I don’t expect us to be close, I gave up this idea a decade ago. And that is okay – I know we are very different people with different lifestyles, different values, different ways of thinking, different ways of expressing ourselves, different goals in life, etc… All of that is okay and good.
We are also different in the way we have responded to our different childhoods. We are different in our affect regulation, social values, and coping skills. To a degree, that is okay, too.
What is not okay is intentionally and blatantly insulting, criticizing, gaslighting, dismissing, and belittling people in contemptuous, disrespectful ways. I personally have successfully blocked out all people who have treated me as such, but I cannot entirely with you…
…yet nor do I want to. I see your self-hatred and self-shame underneath all your words, and to a degree, I understand where it comes from, but I also know pulling back the curtain does not do anything. This never had to do with any material thing or conversation in and of itself – it had everything to do with how you have been treating me.

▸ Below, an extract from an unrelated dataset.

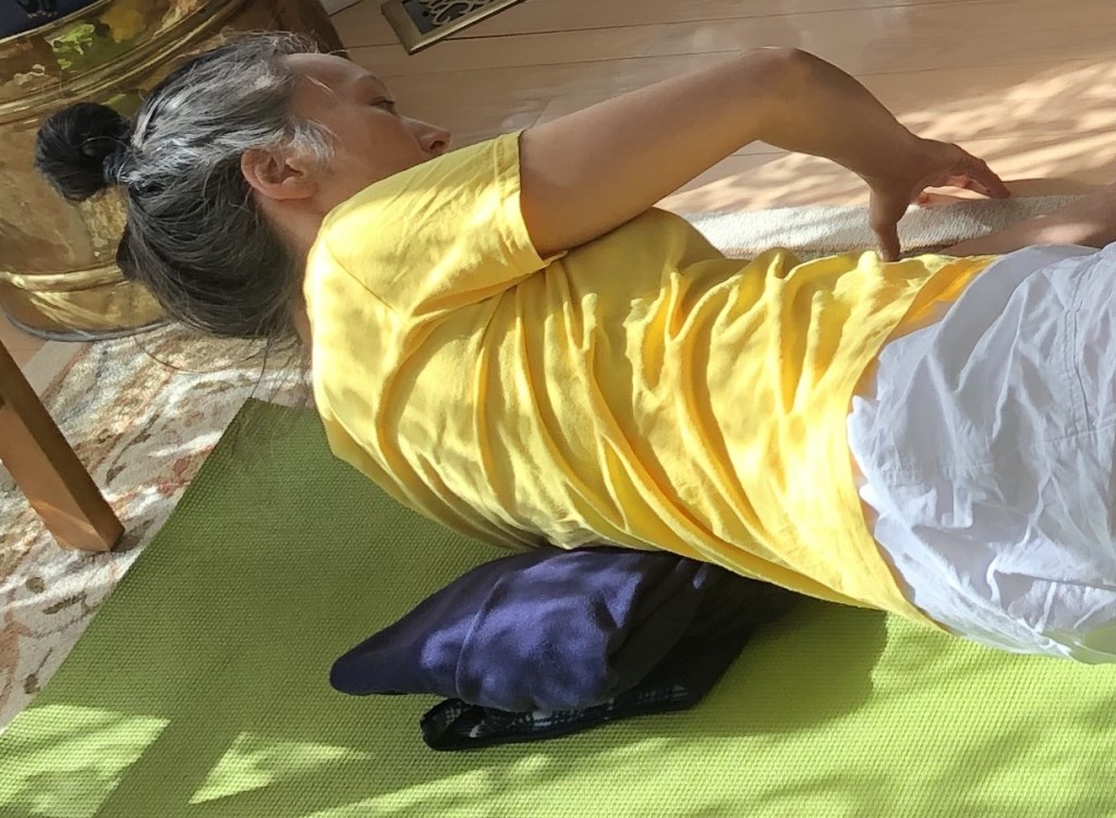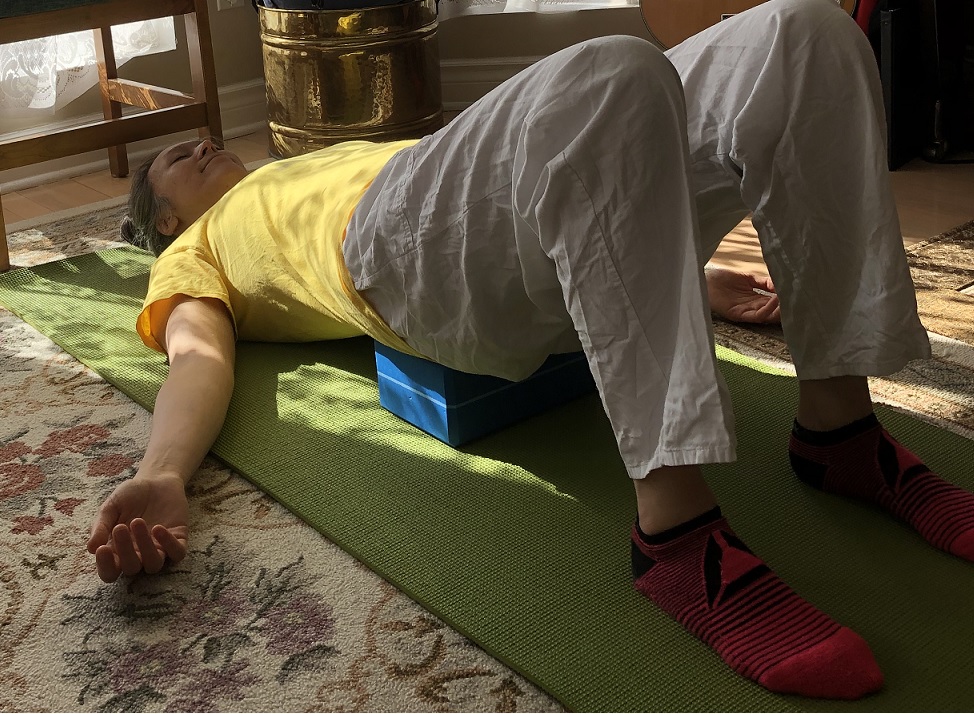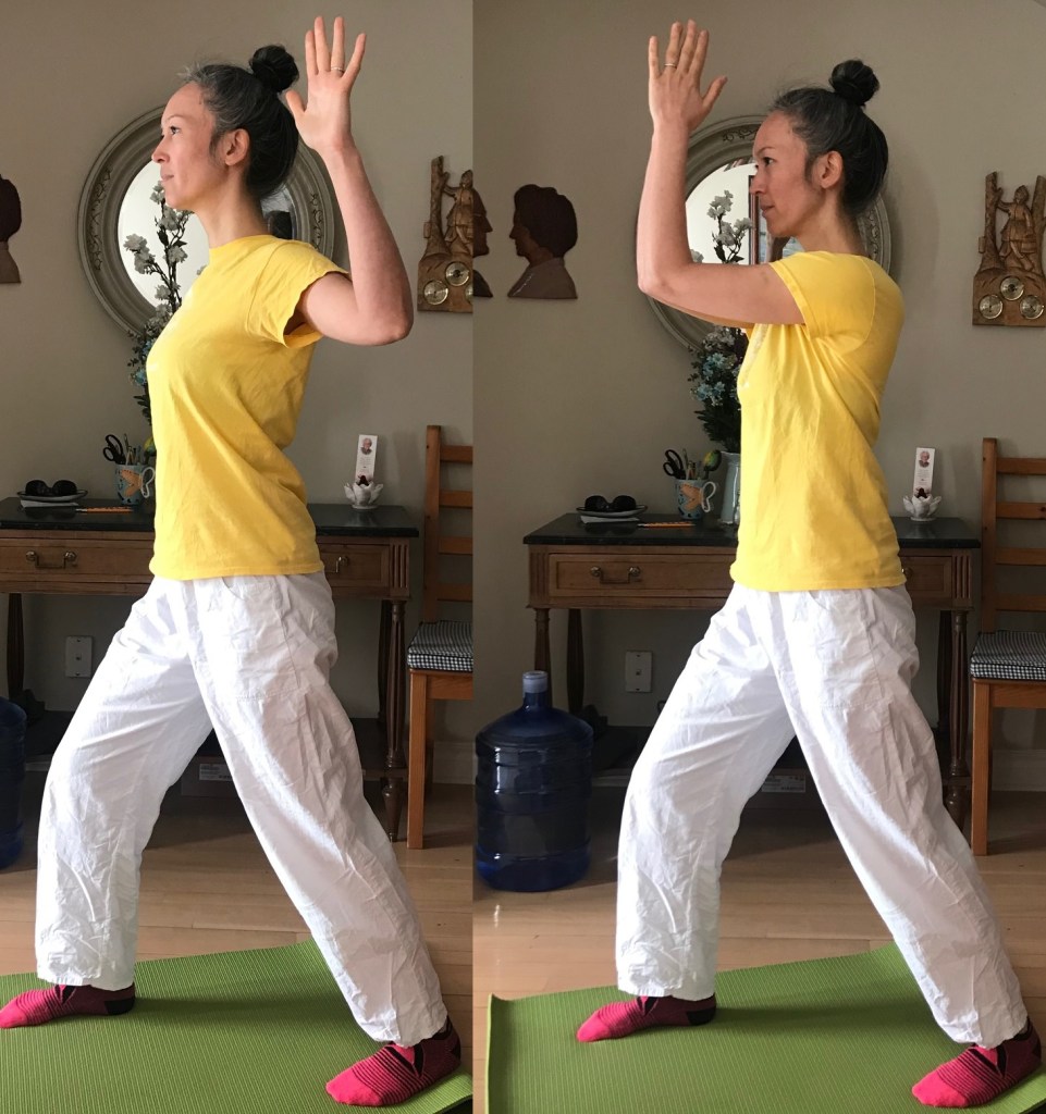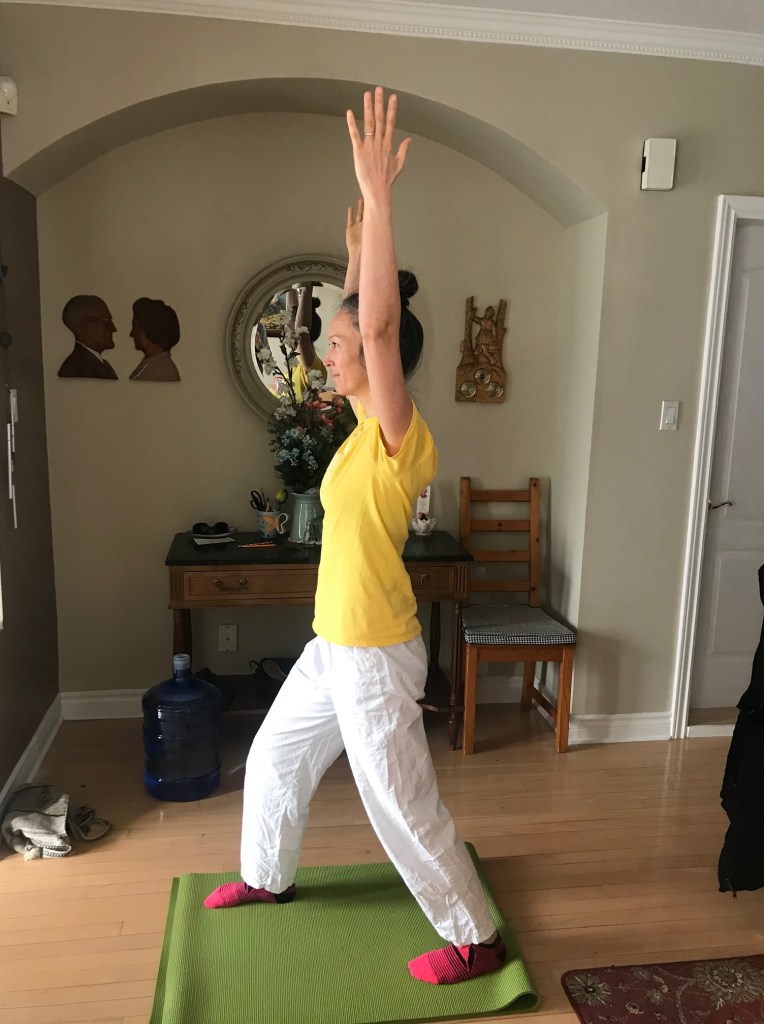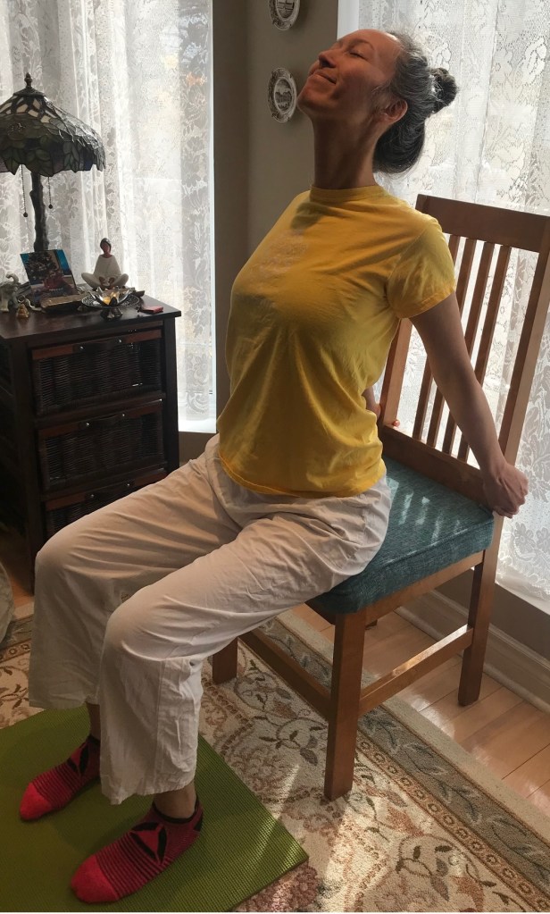 La demi-lune, soit debout ou sur chaise : Quand cette posture est fait en rythme avec la respiration, elle devient un exercice d’échauffement. Elle aide à créer de l’espace aux organes internes, étire le diaphragme et les muscles intercostaux et grandit la colonne. En inspirant par le nez, lever tranquillement un bras au-dessus de la tête allongeant tout le dos comme si vous vouliez toucher le plafond avec le bout des doigts avant de cambrer légèrement sur le côté (visualiser l’épaule s’éloigner de votre hanche); ouvrez le flanc sans fermer l’autre flanc; et à l’expire revenir au centre. Continuez 5 à 10 fois en alternant. Observez les effets de ce mouvement. Souvent les élèves disent qu’ils se sentent comme s’ils ont grandi d’un pouce! (Voir la vidéo ici). Note : Éviter en cas de scoliose.

I am so grateful I married one of the most caring, empathetic, and kindest people ever – and this includes his family. I continue to be touched by their warmth and love. It has taken a lot of self-searching and self-compassion to allow myself to receive all that I have now in terms of a marriage and in-laws. I am also grateful that I will not be alone in drawing boundaries with you because of this new family I have gained.
You don’t have the self-compassion or stillness to empathize why some things seem like a big deal to others but not to yourself. If something someone does not make sense to you, obviously you’re not the issue, others are. This way of thinking is not your fault, however, it is your responsibility.
To protect myself from further hurt and honestly verbal mistreatment, I am making it much more difficult for you to reach out to me. I doubt you will ask for a full explanation because you claim to not care much about anything. This way perhaps you will be more considerate about the way you speak – or maybe you won’t speak to me at all, which I have come to accept as well. Boundary work is grief work, after all.